# [EXERCISE BRIEF]
All lines from the one containing "TABLE OF CONTENTS Table" to the end of the listing below should be output exactly; omit the pictures.

# [DATA BLOCK]
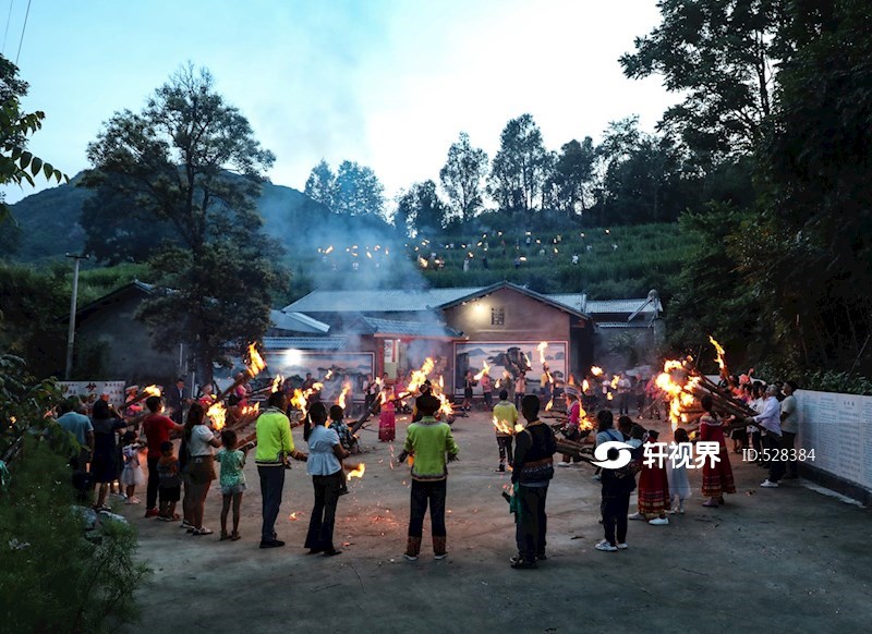 7月22日,在会理市小黑箐镇白沙村,当地群众围着火把载歌载舞。当日,四川省凉山彝族自治州会理市小黑箐镇白沙村举行火把狂欢、蹢脚舞、“筛糠”等丰富多彩的民俗活动庆祝彝族火把节。
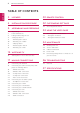 TABLE OF CONTENTS Table of Contents ENGLISH 3 LICENSES 30 REMOTE CONTROL 4 Installation procedure 32 CUSTOMIZING SETTINGS 32 Accessing main menus 5 ASSEMBLING AND PREPARING 5 7 8 9 9 10 11 12 13 Unpacking Parts and buttons Lifting and moving the TV Setting up the TV - Attaching the Stand - Mounting on a table - Tidying cables - Detaching the Stand - Mounting on a wall 15 WATCHING TV 15 Turning the TV on for the first time 17 17 18 18 19 20 21 22 23 23 24 24 25 26 27 28 29 33 USING THE
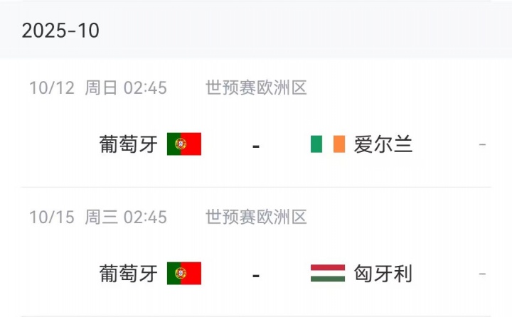 葡萄牙10月份将出战两场世预赛欧洲区赛事 :10月12日主场作战 迎战爱尔兰,10月15日迎战匈牙利。目前葡萄牙在世预赛欧洲区F组中2战全胜排名小组第1。
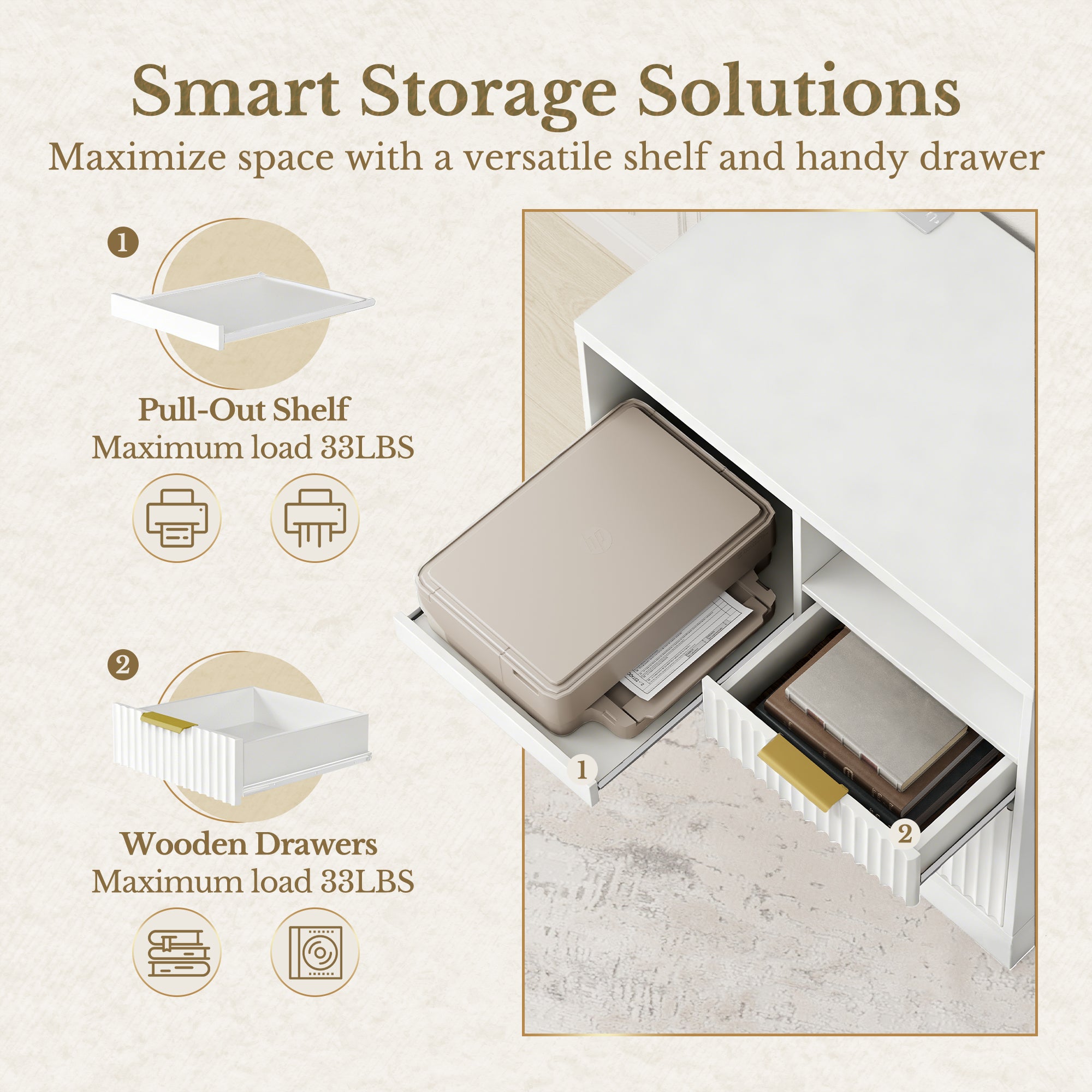 - Pull‑out printer shelf: smooth slide, easy access; rated up to 33 lbs.

# [RESPONSE BELOW]
 TABLE OF CONTENTS Table of Contents ENGLISH 3 LICENSES 30 REMOTE CONTROL 4 Installation procedure 32 CUSTOMIZING SETTINGS 32 Accessing main menus 5 ASSEMBLING AND PREPARING 5 7 8 9 9 10 11 12 13 Unpacking Parts and buttons Lifting and moving the TV Setting up the TV - Attaching the Stand - Mounting on a table - Tidying cables - Detaching the Stand - Mounting on a wall 15 WATCHING TV 15 Turning the TV on for the first time 17 17 18 18 19 20 21 22 23 23 24 24 25 26 27 28 29 33 USING THE
 葡萄牙10月份将出战两场世预赛欧洲区赛事 :10月12日主场作战 迎战爱尔兰,10月15日迎战匈牙利。目前葡萄牙在世预赛欧洲区F组中2战全胜排名小组第1。
 - Pull‑out printer shelf: smooth slide, easy access; rated up to 33 lbs.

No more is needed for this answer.